The declarative SMT rules (general_rules-after.smt2, rank*_rules.smt2, and the query files under test/queries/) are unchanged — only the fact extraction step was rewritten.

Dependencies

  • clang (any version; tested with Apple clang 17)
  • Python 3 (no external packages needed)
  • Z3 (tested with Z3 4.5.0 and 4.8.17)

Quick start

# 1. Extract benchmarks (if not already done)
cd test && tar xzf benchmarks.tar.gz && cd ..

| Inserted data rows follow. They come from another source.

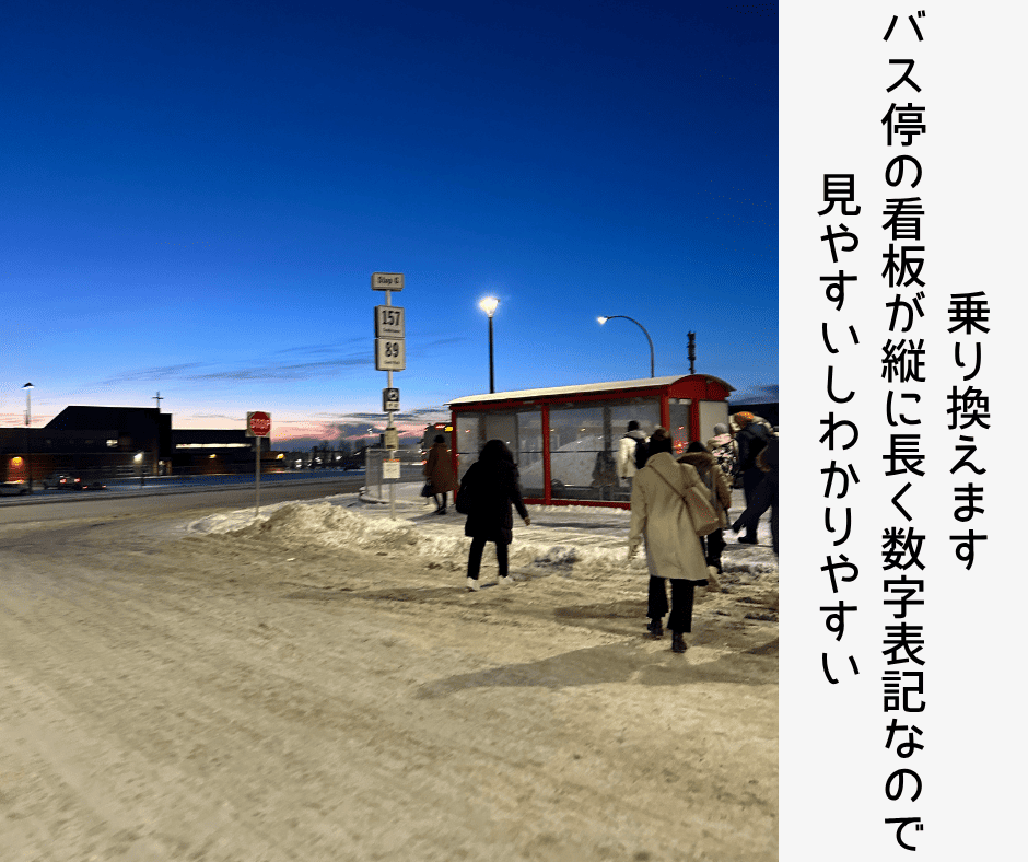 バスには数字があり、バス停には大きく数字と小さく行き先が記載されているのでとても単純で分かりやすい!英語に慣れてない私からしたらありがたい!!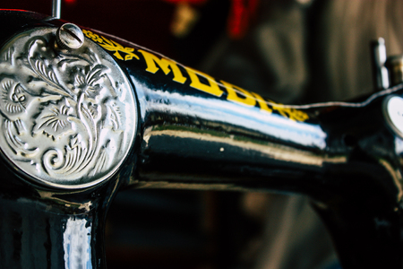 Pokhara Nepal September 25, 2018 Closeup of an old pedal sewing machine of a Nepalese tailor working in the streets of Pokhara in the afternoon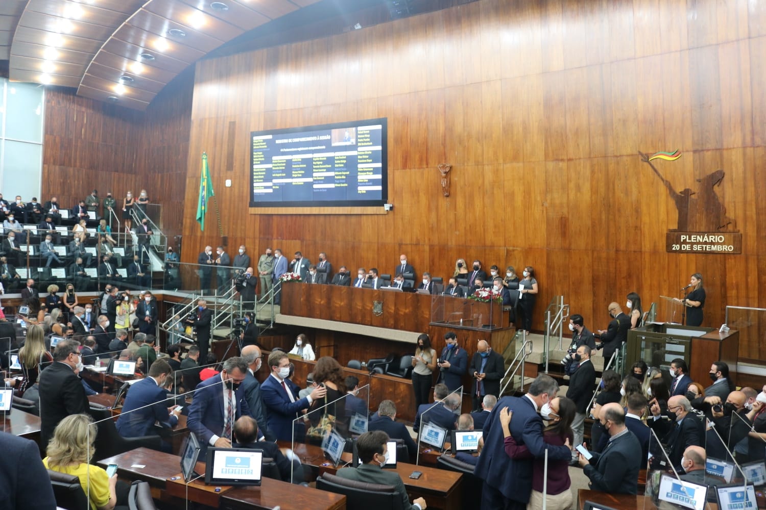Participei na tarde desta segunda-feira, na presença do governador do Estado, Eduardo Leite, de representantes dos poderes e demais autoridades, da eleição da nova mesa diretora da Assembleia Legislativa para o período 2022/2023, onde o colega deputado Gabriel Souza deixou a presidência, assumindo agora como presidente o deputado Valdeci Oliveira.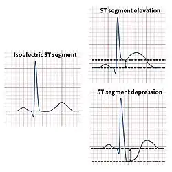 A elevação do ST pode indicar infarto do miocárdio transmural. Uma elevação de > 1 mm e mais de 80 ms após o ponto J. Esta medida tem uma taxa de falsos positivos de 15-20% (que é ligeiramente mais alta nas mulheres do que nos homens) e uma taxa de falsos negativos de 20-30%.[1]

# 2. Generate all .ll and .facts.smt2 files + assembled SMT2 queries
./generate_all.sh

# 3. Run Z3 on a specific query (example: case1, check, rank 1)
z3 test/benchmarks/case1/check-rank1-after.smt2

How it works

The pipeline for each benchmark:

  1. clang -emit-llvm -S -c main1.c -O0main1.ll (LLVM IR)
  2. python3 extract_facts.py main1.ll 1main1.ll.facts.smt2 (Datalog facts)
  3. Same for main2.c with program number 2
  4. Concatenate: rules + rank rules + P1 facts + P2 facts + query → full .smt2
  5. z3 <query>.smt2 → result (sat/unsat + witness tuples)

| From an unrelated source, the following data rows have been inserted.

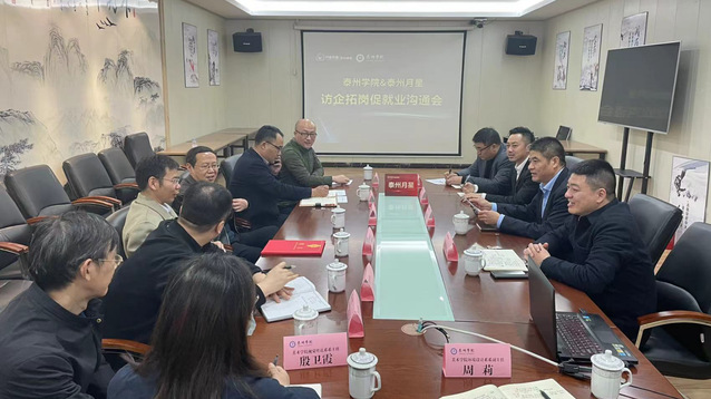 11月24日下午,公司党委常委、副董事长薛小平带队赴泰州月星家居开展“访企拓岗促就业”专项行动,学工处处长陈茂国、公司党政班子及环境艺术设计系、视觉传达设计系系主任人参加活动。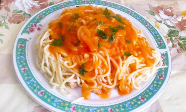 Готовим продукты по списку и смотрим по рецепту, как сварить постные макароны с томатным соусом.
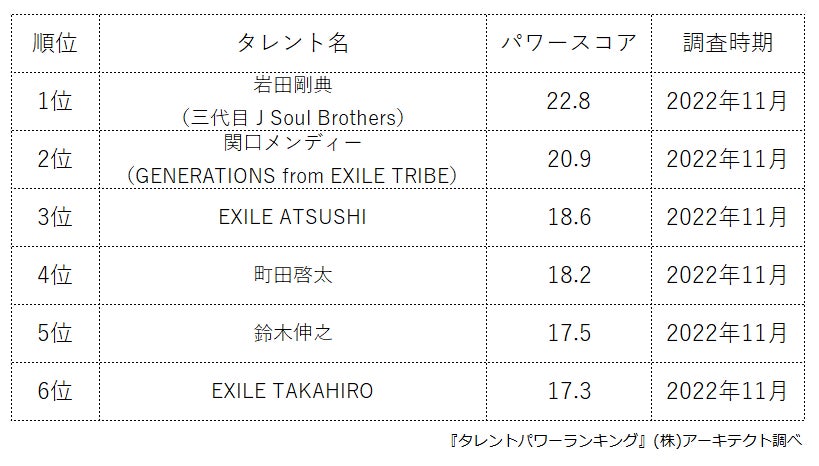 『タレントパワーランキング』がLDHに所属するタレントランキングを発表!株式会社アーキテクトがスタートさせた、WEBサイト『タレントパワーランキング』ランキング企画第198弾!!

Running a single benchmark

cd test/benchmarks/case1
clang -emit-llvm -S -c main1.c -O0
clang -emit-llvm -S -c main2.c -O0
python3 ../../../extract_facts.py main1.ll 1
python3 ../../../extract_facts.py main2.ll 2
# For P2 with statement matching:
# python3 ../../../extract_facts.py main2.ll 2 statementMatch.txt lockMatch.txt

# Assemble and solve
cat ../../general_rules-after.smt2 ../../rank1_rules.smt2 \
    main1.ll.facts.smt2 main2.ll.facts.smt2 \
    ../../queries/check.smt2 > check-rank1-after.smt2
z3 check-rank1-after.smt2

Running all benchmarks

# Generate everything (from repo root):
./generate_all.sh

# Test all small benchmarks against expected results (rank 1):
cd test && ./run_all_py.sh 1

Using the SMT queries (rules + facts)

Each assembled query file is a self-contained SMT2 file that can be fed directly to Z3. It is built by concatenating four parts in order:

┌─────────────────────────────────────┐
│  general_rules-after.smt2           │  ← Datalog rules (po, mustHb, mayHb,
│                                     │     mayRf, mayDep, lock regions, etc.)
├─────────────────────────────────────┤
│  rank{1,2,3}_rules.smt2            │  ← Rank-specific comparison rules
├─────────────────────────────────────┤
│  main1.ll.facts.smt2               │  ← Ground facts for program 1
│  main2.ll.facts.smt2               │  ← Ground facts for program 2
├─────────────────────────────────────┤
│  queries/{check,p1-p2,p2-p1}.smt2  │  ← Query
└─────────────────────────────────────┘

Pre-assembled queries (ready to run)

After running ./generate_all.sh, each benchmark directory has pre-assembled files that can be run directly:

# Equivalence check at rank 1:
z3 test/benchmarks/case1/check-rank1-after.smt2

# Dependencies in P1 but not P2 at rank 1:
z3 test/benchmarks/case1/p1-p2-rank1-after.smt2

# Dependencies in P2 but not P1 at rank 1:
z3 test/benchmarks/case1/p2-p1-rank1-after.smt2

File locations

Rules (shared across all benchmarks, under test/):

File Description
general_rules-after.smt2 Core Datalog rules (type defs, relation decls, po, mustHb, mayHb, mayRf, mayDep, lock regions, dom/postDom, etc.)
rank1_rules.smt2 Rank-1 rules: compare single dependency edges between P1 and P2
rank2_rules.smt2 Rank-2 rules: compare pairs of dependency edges
rank3_rules.smt2 Rank-3 rules: compare triples of dependency edges
queries/check.smt2 Query for p1p2Equal (are the programs equivalent?)
queries/p1-p2-rank{1,2,3}.smt2 Query for dependencies in P1 but not P2
queries/p2-p1-rank{1,2,3}.smt2 Query for dependencies in P2 but not P1
queries/mayHbP1.smt2 Query for may-happen-before in P1
queries/mayHbP2.smt2 Query for may-happen-before in P2

Facts (per benchmark, under test/benchmarks/<name>/):

File Description
main1.ll.facts.smt2 Ground facts for program 1: st, impo, read, write, lockAcquire, lockRelease, nonLock, dom, postDom, threadCreate, threadJoin, etc.
main2.ll.facts.smt2 Ground facts for program 2 (same format)
main1.c / main2.c Original C source programs
main1.ll / main2.ll LLVM IR (intermediate representation)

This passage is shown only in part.